On December 14, 1994, a Wisconsin court enforced the Virginia decree and required appellant to "forthwith and without delay place the child Raja E. Zahid into the actual and physical custody and control of Raja M. Zahid." 2 Rather than comply, appellant absconded with the child to California on December 24, 1994, and then to Colorado four days later. In March 1995, appellant was arrested in Colorado for the abduction of Raja Jr., and returned to Fairfax, Virginia for trial.

II. JURISDICTION

At the close of the Commonwealth's case, appellant moved to strike the evidence and argued inter alia that neither jurisdiction nor venue was properly laid in Fairfax, Virginia, because the place of the child's abduction was Wisconsin. The trial court denied the motion to strike and stated as follows:

The gravamen of [18.2-49.1] is not taking a child. I don't think the statute even uses the word taking a child or abduction. It says withholding a child. Withholding the child from the child's custodial parent. And the withholding is where the child's supposed to be and if the child is supposed to be here, this is where the offense occurs.

* * * * * *

[What makes 18.2-49.1 a felony] is that the child is withheld outside the Commonwealth. But the Commonwealth is where the child was supposed to be and that's the gravamen of the offense. Both jurisdiction and venue are here because this is where the parent lived.

(Emphasis added).

At the close of all the evidence, the court denied the renewed motion to strike by appellant's counsel and additionally found as follows:

I didn't hear any reason why [appellant] went to California or Colorado except to withhold the child ... in violation of the [c]ourt [o]rder. She violated not one, but two [o]rders. There was an [o]rder in Virginia and there was one in Wisconsin. The Wisconsin [o]rder was issued after the events that she says occurred, that she says gave her reason to fear that her husband would take the child to Pakistan had occurred. So, whatever those issues were could and should have been raised in the Wisconsin hearing.

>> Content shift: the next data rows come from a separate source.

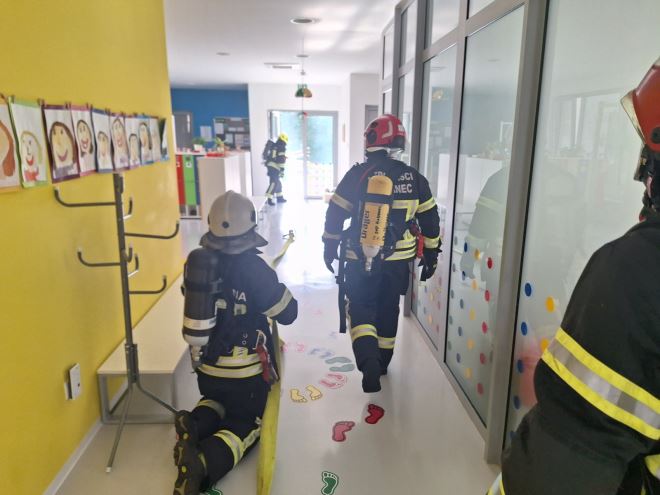 - Nakon ulaska u objekt, vatrogasci su odmah krenuli u potragu za djetetom, koje je ubrzo pronađeno i demonstrativno mu je pružena prva pomoć. Nakon toga je odvedeno van kod ostale djece i zaposlenika vrtića. Uslijedilo je otvaranje prozora u vrtiću kako bi dim što prije izašao van, te je ubrzo ugašen i požar unutarnjom navalom – prepričao je tijek vježbe tajnik DVD-a. Vježba je završila postrojavanjem vozila na travnatom igralištu pokraj vrtića, gdje je napravljena analiza cijelog događaja.
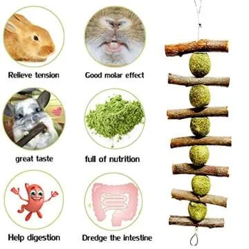 Show moreDiscover the ultimate treat for your fluffy friend with our Bunny Chew Toys for Teeth. Designed specifically for rabbits, chinchillas, guinea pigs, and hamsters, these natural organic apple sticks provide a fun and engaging way to satisfy your pet’s chewing instincts while promoting their dental health. Made from high-quality materials, these chew toys are not only durable but also safe for your beloved pets to gnaw on. Each package includes a delightful combination of Timothy hay balls and sturdy wooden sticks that can be hung in different orientations, allowing your pets to interact with them in a variety of ways.
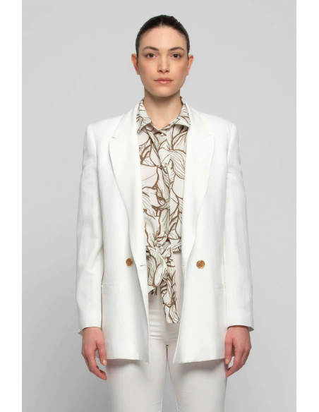 Chaqueta en tejido de mezcla de lino con viscosa de Better Natural Capsule, caracterizada por un corte recto y lineal, bolsillos de ribete y botonadura cruzada con botones en contraste. Una chaqueta con un corte cómodo, perfecta para llevar sobre tu conjunto informal de primavera.
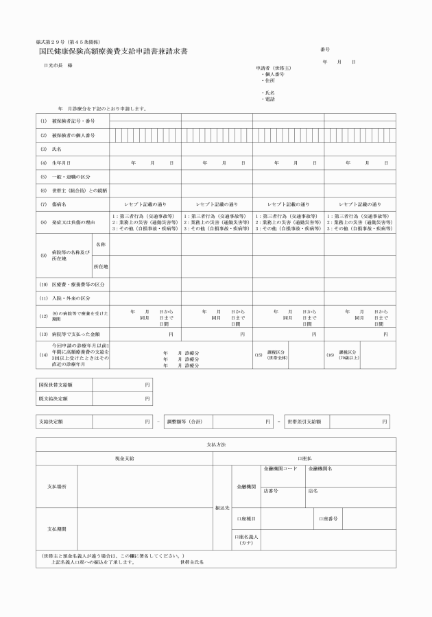 (8) 省令第28条第1項の規定による特別療養給付申請書 様式第46号
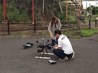 今回の撮影では、カメラを付けて小型のヘリを飛ばす手法を用いました。
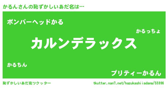 | 男性向けラノベタイトル風あだ名 | 『Re:かるんから始める異世界生活』 |
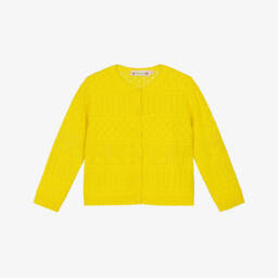 Bright yellow cardigan for teen girls by luxury French brand Bonpoint, knitted in beautifully soft cashmere. Patterned with the brand's signature cherry motif in a soft pointelle knit, it has front button fastenings and ribbed trims for a seamless classic look.

[S]he got an [o]rder from Wisconsin saying take the child back--give the child back, and she violated that [o]rder as well as the Virginia [o]rder. She knew of the two [o]rders. She intentionally withheld the child without legal excuse. So, it was wrongful.

The violation of the [c]ourt [o]rders was clear and significant. This is the very type of behavior that the statute is designed to prevent. There may be a whole lot of social policy reasons why this ought not to be a felony, but I don't do social policy; I do law. And she violated the law and I find her guilty.

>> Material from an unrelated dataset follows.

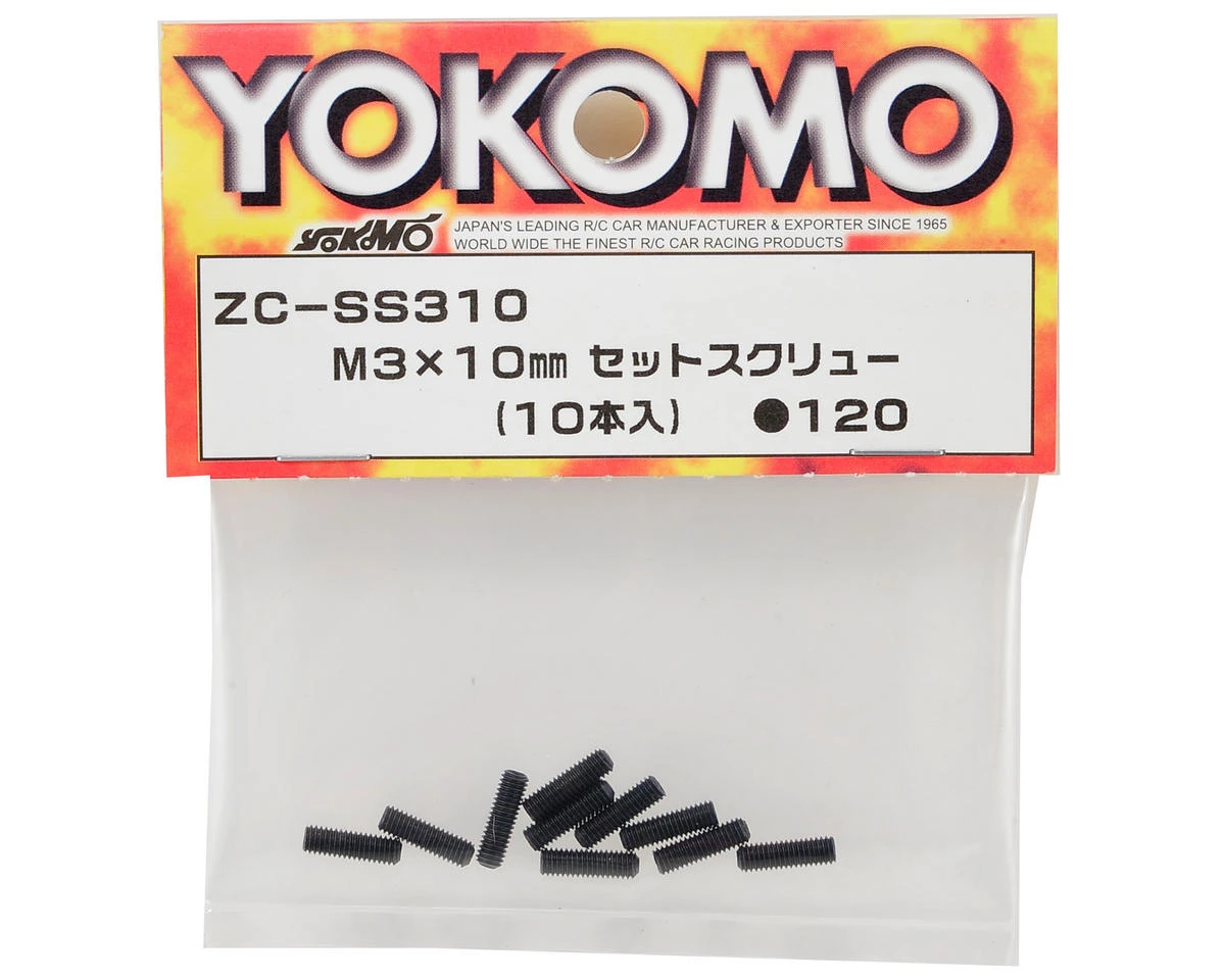 This is a pack of ten Yokomo 3x10mm Set Screws. These screws are used in the rear shock assembly.
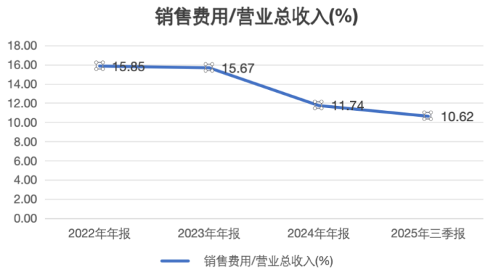 銷售費用從2022年的386億元降至2024年的336億元,三年累計下降13%;2025年前三季度銷售費用爲248億元,同比再降13.69%;銷售費用率(銷售費用/營收)從2022年的15.85%一路下滑至2025年Q3的10.62%。

Appellant argues that the trial court lacked jurisdiction to try her for a violation of Code § 18.2-49.1(A) because her act of withholding the child occurred outside the confines of the Commonwealth. Appellant contends that the locus of where the child is "with[held] from the child's custodial parent," rather than where the custody order was entered, controls jurisdiction. The clear language of the statute contradicts this view.

(A) Parental Abduction/Custodial Interference Statute

"A primary rule of statutory construction is that courts must look first to the language of the statute. If a statute is clear and unambiguous, a court will give the statute its plain meaning." Loudoun County Dep't of Social Servs. v. Etzold, 245 Va. 80, 85, 425 S.E.2d 800, 802 (1993). The General Assembly specified that Code § 18.2-49.1(A) applies to any person who withholds a child outside of Virginia from the child's custodial parent in violation of a Virginia court order, if the custodial parent resides in Virginia. The statutory language demonstrates the General Assembly's intent to make criminal an act occurring outside of Virginia that causes harm within.

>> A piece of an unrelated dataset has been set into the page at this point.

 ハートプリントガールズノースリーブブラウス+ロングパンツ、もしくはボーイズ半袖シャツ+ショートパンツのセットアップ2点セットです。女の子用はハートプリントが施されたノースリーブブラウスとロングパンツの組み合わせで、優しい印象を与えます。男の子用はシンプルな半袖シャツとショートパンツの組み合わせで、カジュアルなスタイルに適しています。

Subsections A and B of Code § 18.2-49.1, although similar in language, are different in effect. The legislature outlined two degrees of custodial interference. The degree of offense is determined by the location of the detention or abduction. If it occurs within the territorial boundaries of the Commonwealth, under subsection B, it is a misdemeanor. The act that elevates the offense from a misdemeanor to a felony occurs only when the child is "withheld " from a custodial parent "outside of the Commonwealth." Code § 18.2-49.1(A) (emphasis added). The gravamen of the offense is the withholding of the child from the custodial parent outside the Commonwealth. The clear intent of the statute is to punish more severely those who withhold a child from its rightful custodian when the detention is accomplished outside of Virginia, thereby further restricting the custodial parent's ability to retrieve the child. The underlying policy for this statute, like that of the Parental Kidnapping Prevention Act, 28 U.S.C.A. § 1738A, is to deter, if not prevent, child snatching.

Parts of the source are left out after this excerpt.